Dietary indicators, such as self-rated diet quality and awareness of Federal nutrition information programs, are crucial for monitoring Americans' eating habits and devising solutions to mounting obesity rates. Through a partnership with the National Center for Health Statistics, ERS sponsored questions in the National Health and Nutrition Examination Survey (NHANES). Responses reveal that although diet quality has remained low and shown no improvement, consumers’ dietary awareness has changed: Americans have become more realistic in assessing their diet quality.
In 1989-91, 44 percent of adults rated their diet quality as excellent or very good—an overly optimistic assessment given the low HEI score. By 2005-06, however, 33 percent rated their diets as excellent or very good, while the share of those regarding their diet quality as fair or poor increased from 18 to 27 percent.

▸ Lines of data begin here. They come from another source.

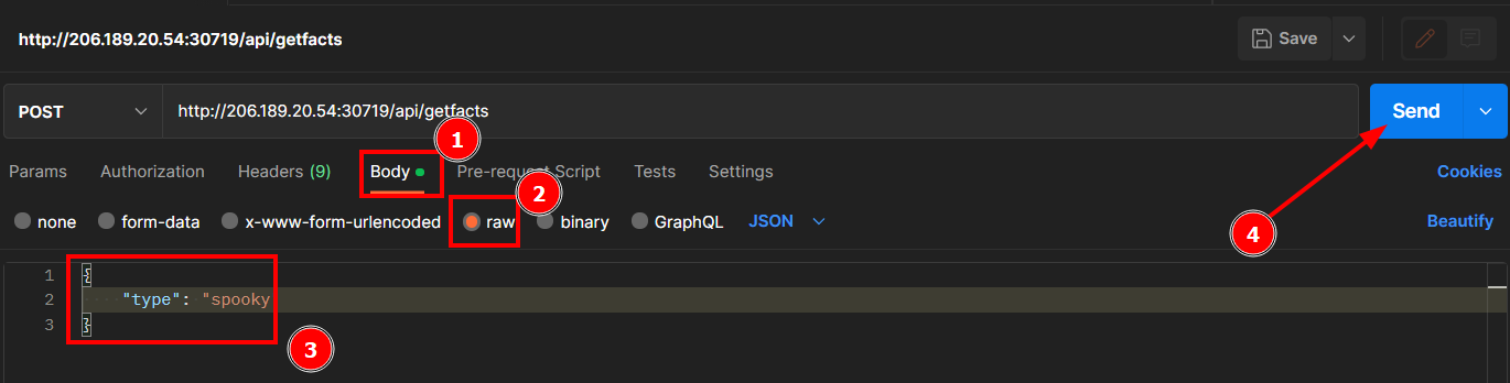 Vamos a la pestaña Body, seleccionamos raw, ingresamos nuestro json con el valor spooky para comprobar que estamos realizando la petición correctamente y presionamos el botón Send.
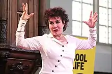 Ruby Wax OBE (née Wachs;[1] born 19 April 1953)[2] is an American-British actress, comedian, writer, mental health campaigner, and lecturer. A classically trained actress, Wax starred in the sitcom Girls on Top (1985–1986), and came to prominence as a comic interviewer, playing up to British perceptions of the strident American style, in shows including The Full Wax (1991–1994), Ruby Wax Meets... (1994–1998), Ruby (1997–2000), and The Ruby Wax Show (2002). She went on to become the script editor for the BBC sitcom Absolutely Fabulous (1992–2012), also appearing in two episodes.
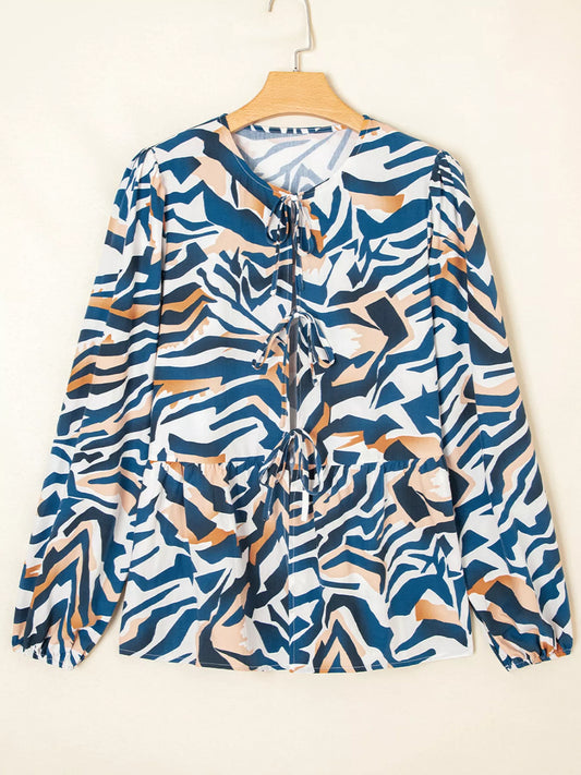 Tie Neck Lace Ruffle Detail Long Sleeve Blouse
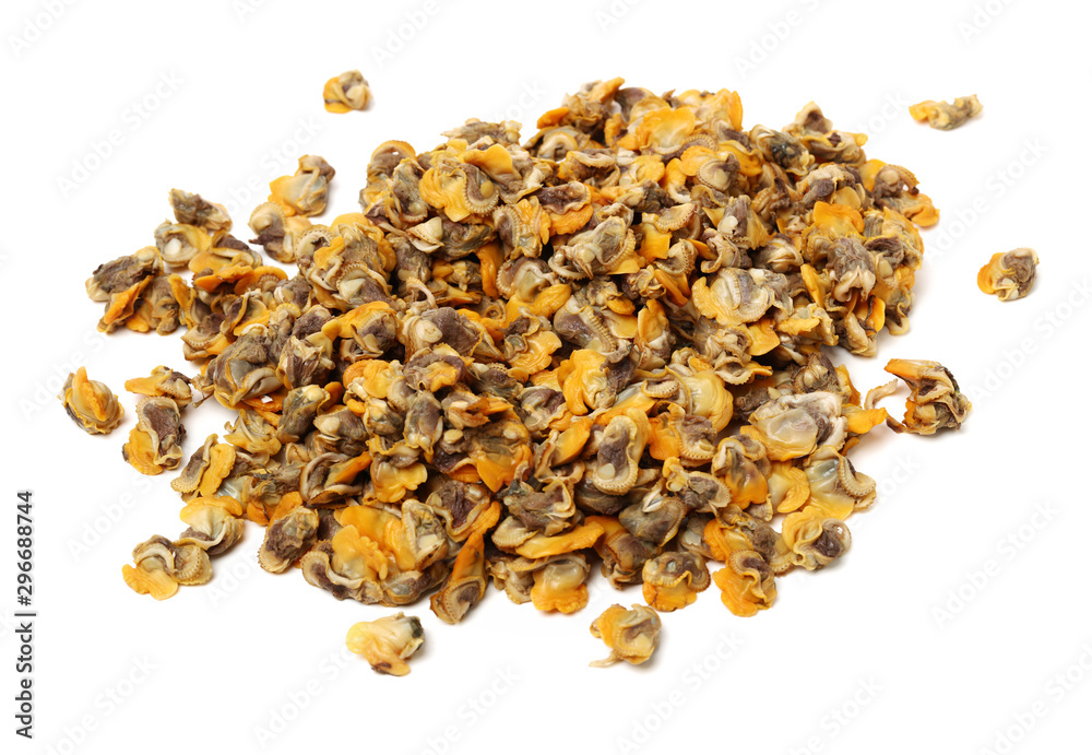 Tableau sur toile Fresh boiled cockle meat on white background
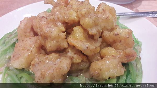碧綠蝦球,有青椒打底,還不錯吃‧
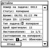 Показва текущия статус на избрания елемент. Екранът <Статус на зад. за коп./отпеч.> е показан по-долу като пример.
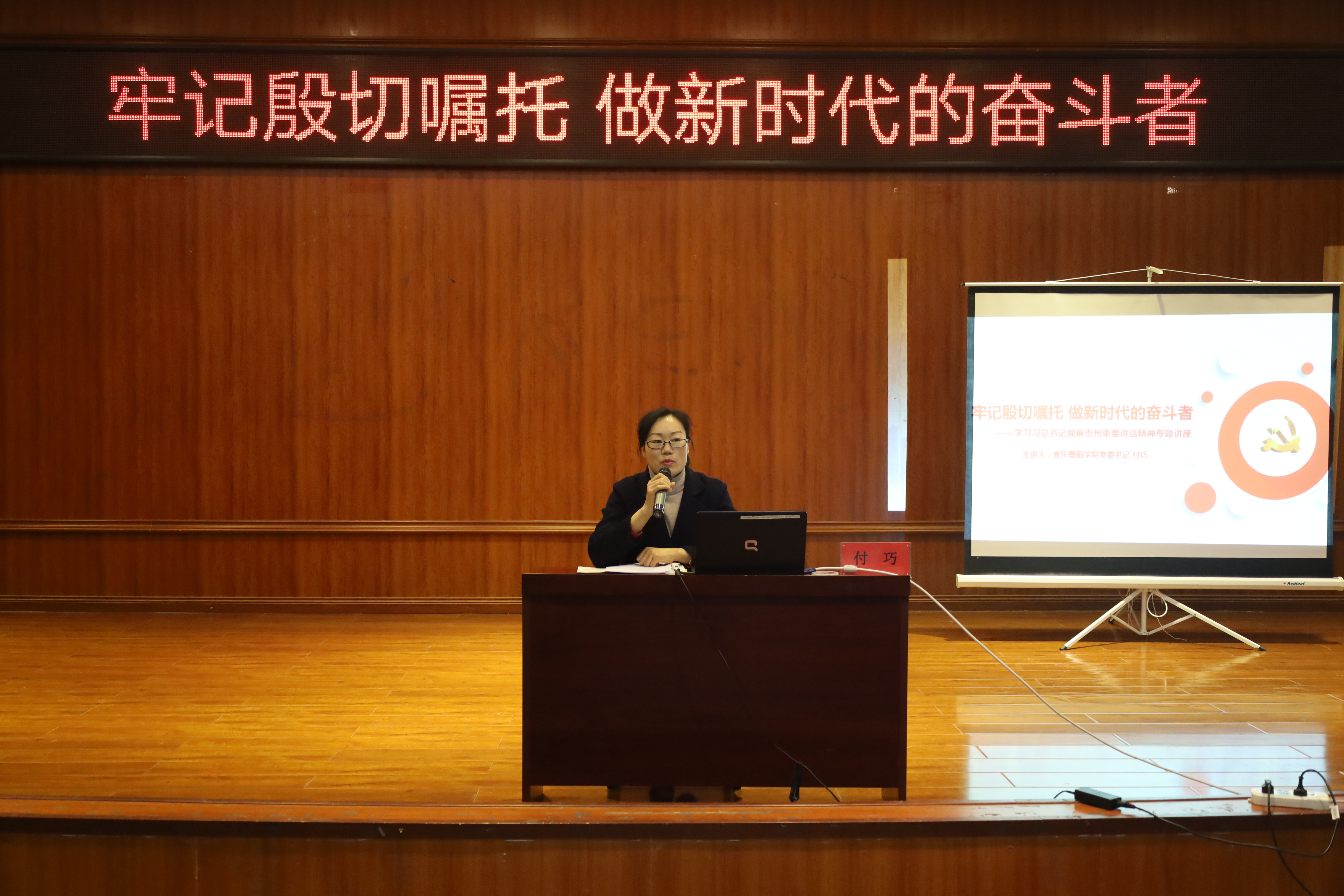 3月4日,77779193永利官网集团在逸夫楼六楼音乐厅开展学习贯彻习近平总书记视察贵州重要讲话精神专题宣讲,宣讲的主题是“牢记殷切嘱托,做新时代的奋斗者”,77779193永利官网集团党委书记付巧主讲,学院全体学生党员、入党积极分子、学生干部、团员代表及学生代表参加了学习。

No amount of nutritional guidance or education can improve diets and reduce obesity unless it enables consumers to realistically assess the quality of their diets. In this respect, the Federal Government’s efforts to provide nutritional recommendations to the public may be reaping some success.
Presumably, people are more realistic today about their diet quality because they have greater knowledge of what constitutes a healthy diet. More Americans are aware of the Dietary Guidelines for Americans and the accompanying nutrition education tool, the Food Guide Pyramid (now MyPyramid). In 2005-06, 79 percent of U.S. adults had heard of the Food Guide Pyramid, up from 33 percent in 1994, and 51 percent knew about the Dietary Guidelines for Americans, compared with 30 percent in 1994.